*Task inputs*
------------------------------------

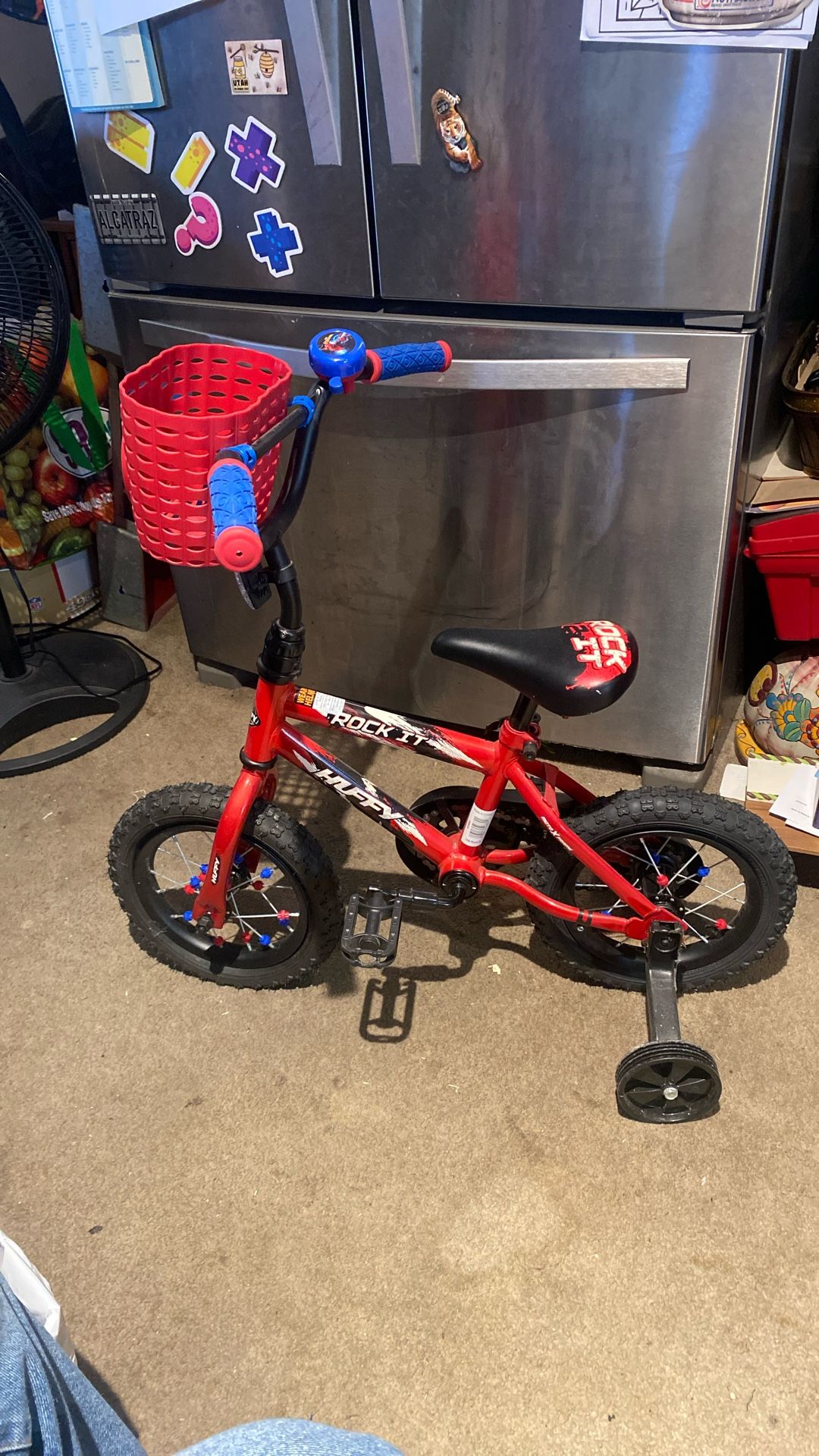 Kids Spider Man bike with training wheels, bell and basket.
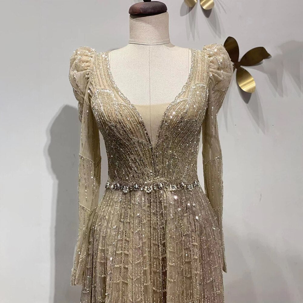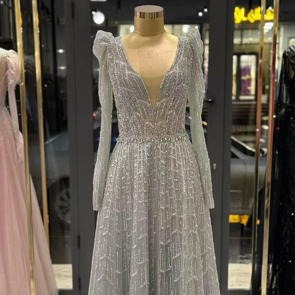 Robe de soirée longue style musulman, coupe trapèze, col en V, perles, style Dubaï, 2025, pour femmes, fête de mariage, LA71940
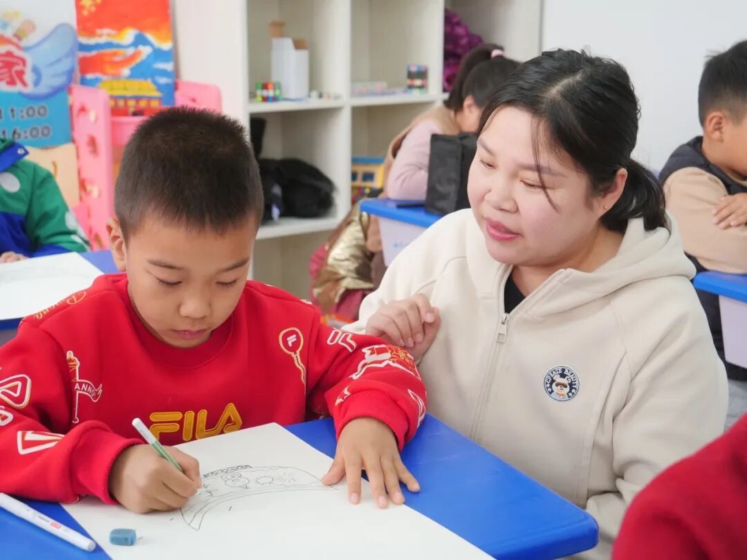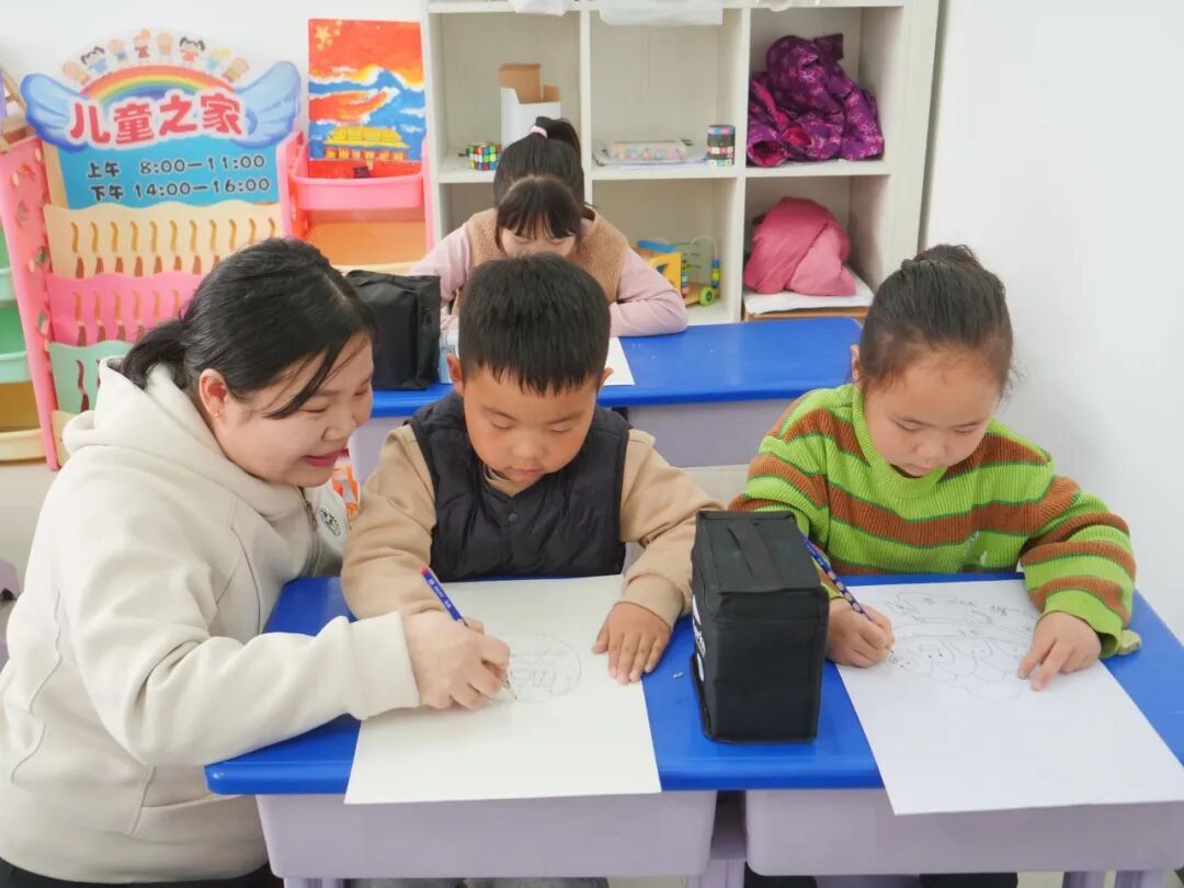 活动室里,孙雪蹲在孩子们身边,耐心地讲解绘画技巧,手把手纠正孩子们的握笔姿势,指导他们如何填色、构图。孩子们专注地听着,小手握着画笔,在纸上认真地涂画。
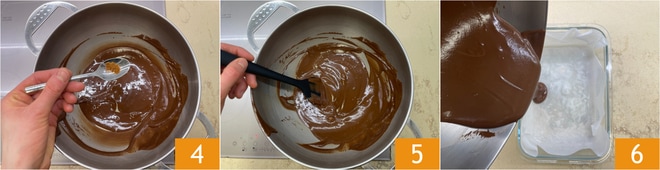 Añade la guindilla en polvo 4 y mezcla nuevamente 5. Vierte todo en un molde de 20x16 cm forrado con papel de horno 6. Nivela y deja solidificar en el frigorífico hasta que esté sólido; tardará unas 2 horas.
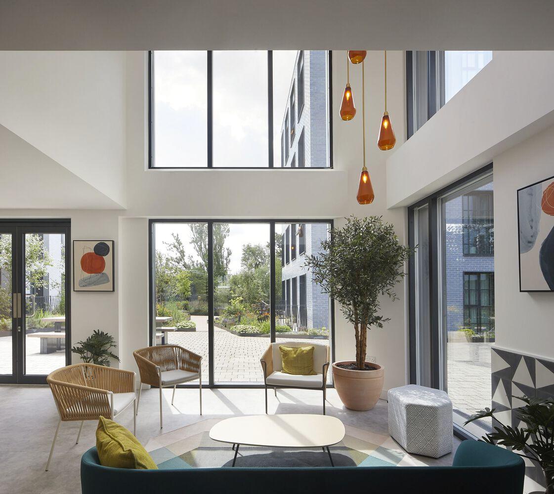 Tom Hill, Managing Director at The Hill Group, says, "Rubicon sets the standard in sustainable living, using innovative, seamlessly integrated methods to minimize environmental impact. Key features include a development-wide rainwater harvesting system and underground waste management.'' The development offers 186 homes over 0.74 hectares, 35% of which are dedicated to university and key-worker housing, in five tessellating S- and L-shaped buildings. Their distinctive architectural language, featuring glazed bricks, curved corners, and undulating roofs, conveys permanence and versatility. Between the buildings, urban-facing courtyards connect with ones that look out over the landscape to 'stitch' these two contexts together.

------------------------------------

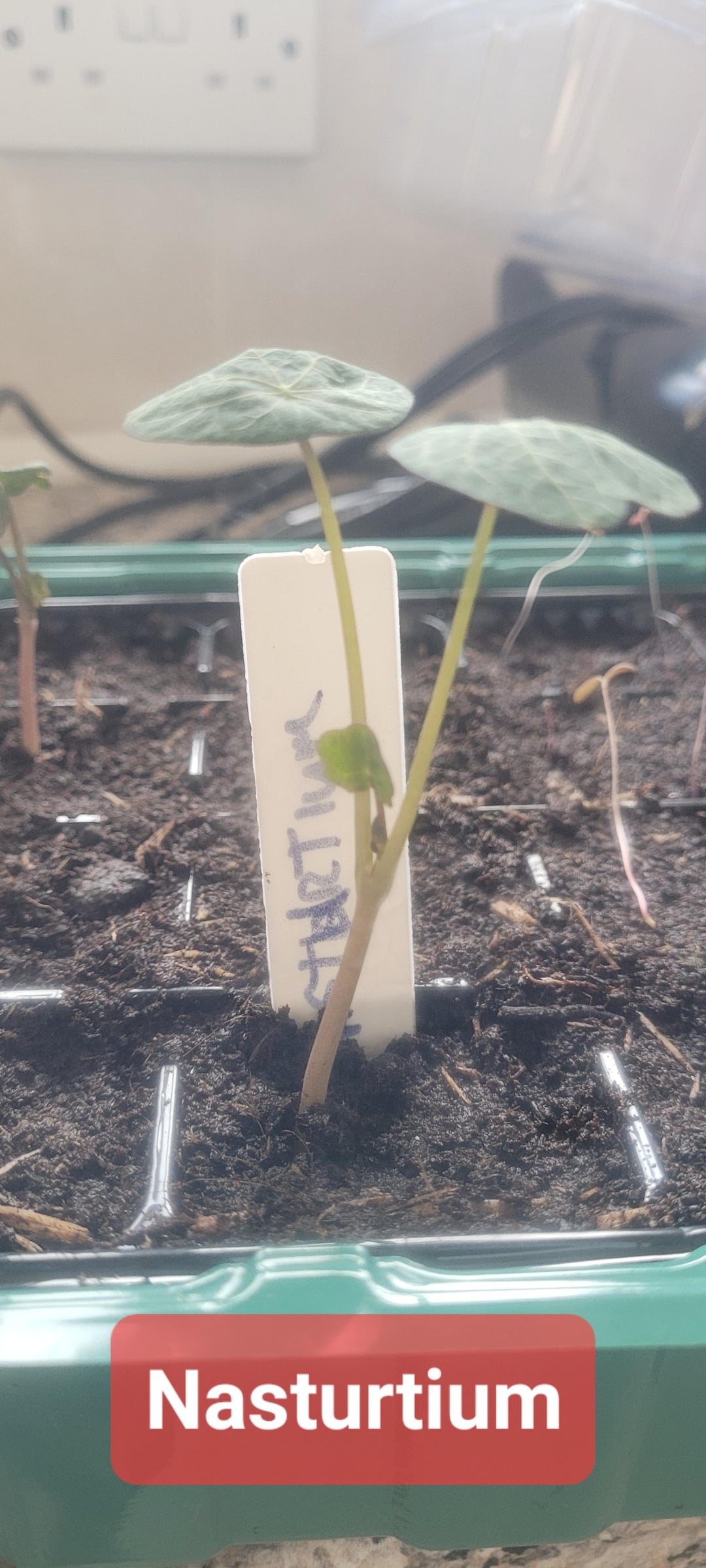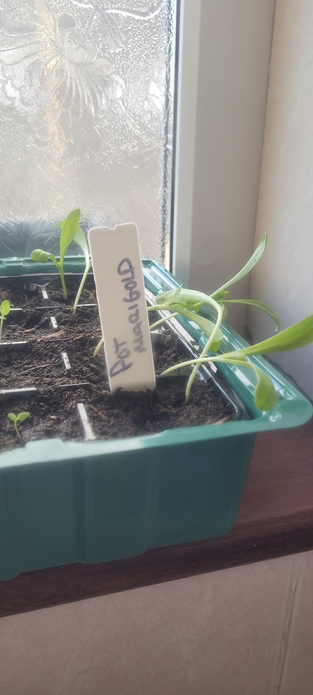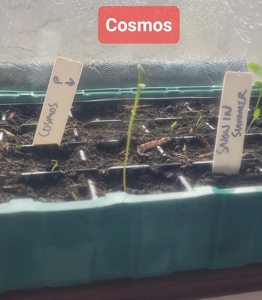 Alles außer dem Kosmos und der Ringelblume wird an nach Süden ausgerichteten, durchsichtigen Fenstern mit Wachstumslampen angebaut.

------------------------------------

*Your assignment*
Would you print exactly the lines in the listing above, from the line bearing "活动室里,孙雪蹲在孩子们身边" through the line bearing "Tom Hill, Managing", leaving out all pictures?

*Response below*
 活动室里,孙雪蹲在孩子们身边,耐心地讲解绘画技巧,手把手纠正孩子们的握笔姿势,指导他们如何填色、构图。孩子们专注地听着,小手握着画笔,在纸上认真地涂画。
 Añade la guindilla en polvo 4 y mezcla nuevamente 5. Vierte todo en un molde de 20x16 cm forrado con papel de horno 6. Nivela y deja solidificar en el frigorífico hasta que esté sólido; tardará unas 2 horas.
 Tom Hill, Managing Director at The Hill Group, says, "Rubicon sets the standard in sustainable living, using innovative, seamlessly integrated methods to minimize environmental impact. Key features include a development-wide rainwater harvesting system and underground waste management.'' The development offers 186 homes over 0.74 hectares, 35% of which are dedicated to university and key-worker housing, in five tessellating S- and L-shaped buildings. Their distinctive architectural language, featuring glazed bricks, curved corners, and undulating roofs, conveys permanence and versatility. Between the buildings, urban-facing courtyards connect with ones that look out over the landscape to 'stitch' these two contexts together.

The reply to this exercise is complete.